Alors, théoriquement, l’article qui suit ne pourrait pas réellement entrer dans la sacro-sainte catégorie des « critiques de film », des rétrospectives ou même des comptes-rendus de festivals. (D’ailleurs, Unimix vous emmènera au FIFF cette année, ne ratez pas ça !)

Pourquoi ? Et bien parce que flûte ! Et aussi parce que, faute de pouvoir m’amuser en visionnant des nouvelles productions ou des classiques dans les salles obscures, j’ai recommencé à me nourrir visuellement et émotionnellement de dessins animés. (Paie ta déprime.)

C’est enfantin, peu développé intellectuellement, mais ça fait drôlement du bien.

Mesdames, Messieurs, voici une déclaration d’amour non sponsorisée à TFOU, CanalJ et Mabulle.

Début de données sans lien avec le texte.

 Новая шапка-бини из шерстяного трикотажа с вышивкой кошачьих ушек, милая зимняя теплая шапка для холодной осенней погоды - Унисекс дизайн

Les dessins animés de notre enfance : ces génériques inoubliables

On peut reprocher bien des choses aux génériques : trop longs, trop courts, entêtants ou au contraire, passablement moyens. Généralement, ils sont assez marquants, histoire que nos esprits ne puissent plus qu’assimiler une telle chanson à un tel film. On tente de donner une ambiance à ces sonorités qui devront alors nous laisser imaginer tendrement ce de quoi sera fait le film. Sincèrement, qui ne ressent pas un frisson en entendant un piano jouer ces quelques notes qui nous emmènent instantanément à Poudlard ? Ou n’assimile pas Hans Zimmerman à un gladiateur surprotéiné dans une arène en images de synthèse ? (Note qu’en vrai iels n’ont pas utilisé de fond vert pour le film.)

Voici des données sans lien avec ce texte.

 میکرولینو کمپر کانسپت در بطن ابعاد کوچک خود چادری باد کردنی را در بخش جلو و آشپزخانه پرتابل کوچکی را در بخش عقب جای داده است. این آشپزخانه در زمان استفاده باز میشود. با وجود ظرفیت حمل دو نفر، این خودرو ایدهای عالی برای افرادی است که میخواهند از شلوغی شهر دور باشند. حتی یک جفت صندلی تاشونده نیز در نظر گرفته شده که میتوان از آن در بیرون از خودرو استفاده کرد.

On a toustes vibré.e.s au moins une fois, et on vous voit, les fanatiques du Seigneur des Anneaux qui partent dans un délire quasi mystique sur May it be d’Enya.

S’il est admis de chantonner (ou plutôt massacrer — le commun des mortels étant plutôt de ce côté-là du lyrisme) Skyfall d’Adele, siffloter paisiblement qu’un jour vous serez le.a meilleur.e dresseur.euse de Pokémon vous fera passer, au mieux, pour un.e grand.e gamin.e, au pire, pour une personne potentiellement échapper d’Arkham.

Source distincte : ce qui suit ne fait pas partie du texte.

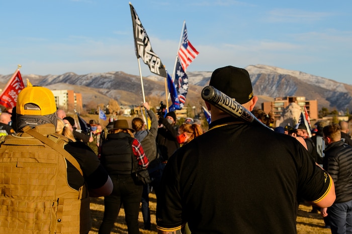 (Francisco Kjolseth | The Salt Lake Tribune) A member of the Proud Boys carries a bat as they pressure a small group carrying a Black Lives Matter Flag at a pro-Trump rally at the Utah State Capitol in Salt Lake City on Wednesday, Jan. 6, 2021.

Accepter que nous ayons tous et toutes gardé en nos mémoires un vague souvenir de ces musiques, c’est approuver que d’une certaine manière elles nous ont marqué.e.s. Un jour, l’enfant que nous étions s’est imaginé.e battant la campagne avec un cheptel de Carapuce ; et vous savez quoi ? C’est très bien !

Ces petites chansons de notre jeunesse nous trottent facilement dans la tête — elles débarquent d’ailleurs souvent sans crier gare (pendant un entretien d’embauche ou un cours de marketing) — et nous devons leur accorder un certain sens du rythme passablement captivant pour des marmots.

(On repassera pour les paroles dans certains cas, mais qu’est-ce que la poésie à 8 ans ?)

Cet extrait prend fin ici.